Indeed. Thank you for this tips.
Julien
On Tuesday, March 31, 2015 at 8:17:36 AM UTC+2, Kalevi Suominen wrote:
>
>
>
> On Tuesday, March 31, 2015 at 2:40:34 AM UTC+3, Julien Hillairet wrote:
>>
>> Dear all,
>>
>> First of all, many thanks for Sympy, which is a great tools !
>>
>>
>> I try to integrate a product of two sinus functions such as :
>>
>> f(x) = sin(pi*n/L*x) * sin(pi*m/L*x)
>>
>> where n and m are two positive integer (and L>0). I've found the correct
>> expected values (L/2 if m=n, 0 otherwise). But if I make a small change of
>> variable, moving x to x+L/2, then Sympy fails to provide me an answer. Is
>> there a way to "help" Sympy finding the correct solution ?
>>
>> An example is below :
>>
>> ----
>>
>> z = symbols('z')
>> m, n = symbols('m n', positive=True, integer=True)

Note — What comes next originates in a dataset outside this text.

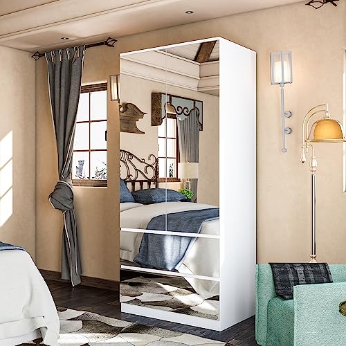 Hitow Mirror Wardrobe Armoire with Drawers, Wardrobe Armoire Closet with Glass Full Length Mirror Doors Drawers & Hanging Rod, Wood Wardrobe Clothes Storage Cabinet for Bedroom, White

>> L = symbols('L', positive=True, real=True)
>>
>> def e1(z, n, L):
>> k_n = n*pi/L
>> return sin(k_n*(z))
>>
>> def e2(z, n, L):
>> k_n = n*pi/L
>> return sin(k_n*(z+L/2))
>>
>> Imn1 = integrate(fu(e1(z, n, L)*e1(z, m, L)), (z, 0, L))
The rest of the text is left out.